Experienced AI practitioners overcome the shortcomings of AI models with collaboration. AI Collaboration incorporates Prompt Engineering but serves a different purpose and involves a distinctly different approach. Most importantly, collaboration is far more necessary and valuable in achieving true insight into complex problems.
Collaborating with ChatGPT for Better Results: Collaborating with ChatGPT involves iteratively refining and improving the model's responses through an interactive back-and-forth process. It goes beyond writing static prompts and employs the following techniques:
Error Analysis: Error analysis is probably the most important difference between the Prompt Engineer and the AI Collaborator. For the Prompt Engineer, errors are a sign of failure; but errors are nuggets of gold to the AI Collaborator. The AI Collaborator analyzes the model's mistakes or biases to identify patterns and iteratively improve the prompts and fine-tune the process. Errors provide insight into the nature of the problem and signal possible conflicts in the AI Collaborator’s initial hypothesis. Usually, the Prompt Engineer is unwilling to accept that the hypothesis is wrong.
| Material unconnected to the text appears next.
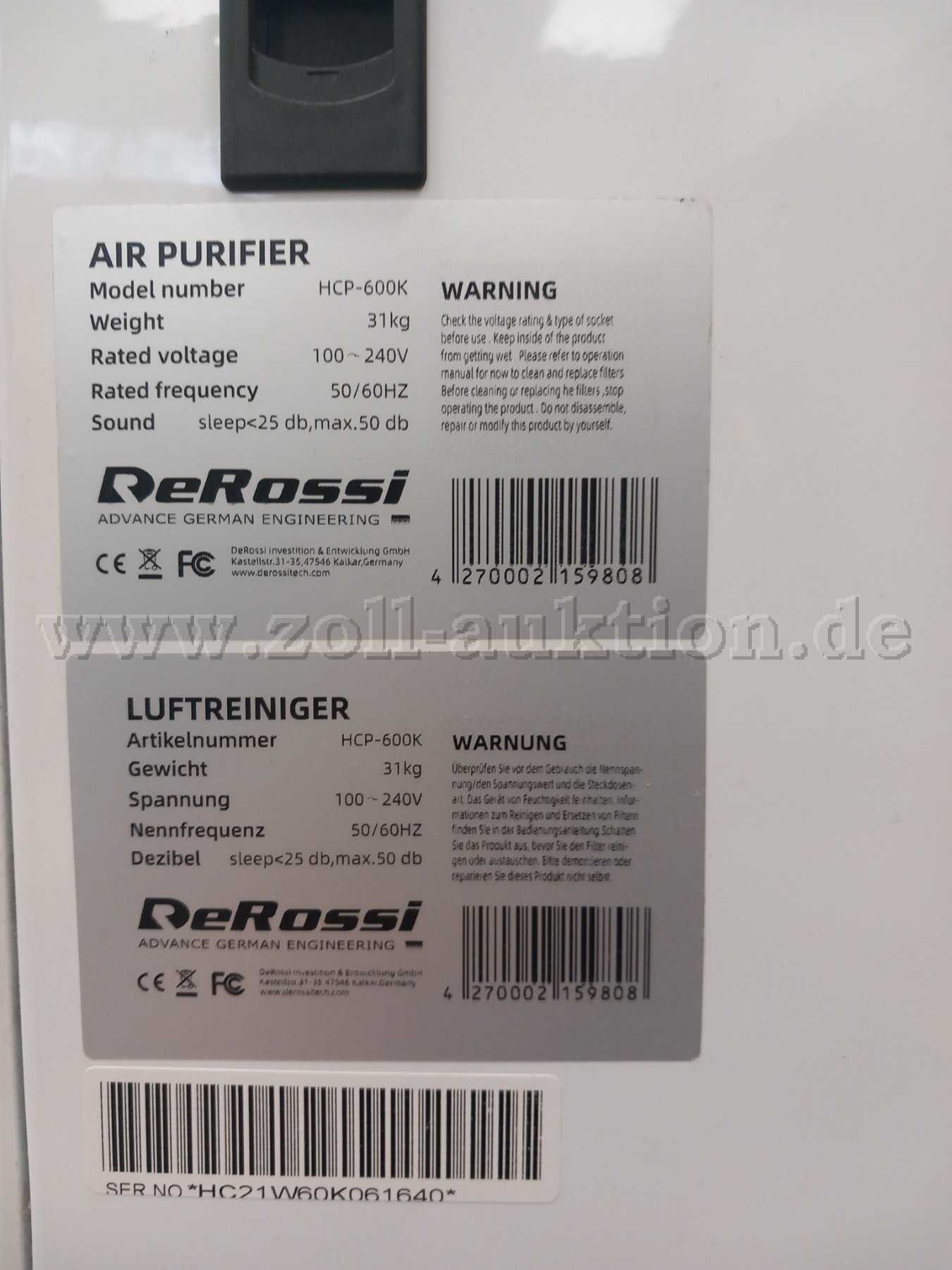 1 deRossi Luftreiniger HCP 600K

Logical Prompt Progression: Prompt Progression iteratively modifies the prompts based on the model's responses to nudge it toward a desired behavior or to explain its behavior. This can involve adding clarification requests, asking the model to think step-by-step, or explicitly asking for pros and cons. Prompt Engineering is often referred to as collaboration; I disagree. Prompt Engineering involves using LLM grammar to guide the model to deliver the Prompt Engineer’s desired goal. Prompt Progression is the art of using logic to build a series of prompts (using Prompt Engineering) to explore the problem with ChatGPT, Bard, or another LLM. In my experience, the order of the progression outweighs the construction of the prompts when it comes to deep insight into the subject at hand.
Model Feedback: Providing explicit feedback to the model about the quality or relevance of its responses. This can be done by rating responses, highlighting errors, or explicitly stating preferences. Note that Model Feedback is different from Error Analysis.
Active Learning: Actively engaging with the model by asking follow-up questions, probing for more information, or seeking clarification to improve the accuracy and depth of responses.
Summary
Collaboration with ChatGPT involves an interactive and iterative process of refining and guiding the model's behavior through a multi-step process. It allows you to have a dynamic influence on the model's responses and gradually shape it towards better performance and alignment with your needs. However, collaboration also drives the route to discovery and the development of disruptive ideas and strategies that we may not have considered at the beginning of the process.
In summary, writing Prompt Engineering provides a starting point, initial guidance, and context, while collaborating with ChatGPT involves an ongoing interactive process to refine and improve the model's responses through feedback, analysis, and active engagement. Combining both strategies can lead to a more effective interaction with AI tools but collaboration is required to harness the true AI powers ChatGPT and other AI technologies.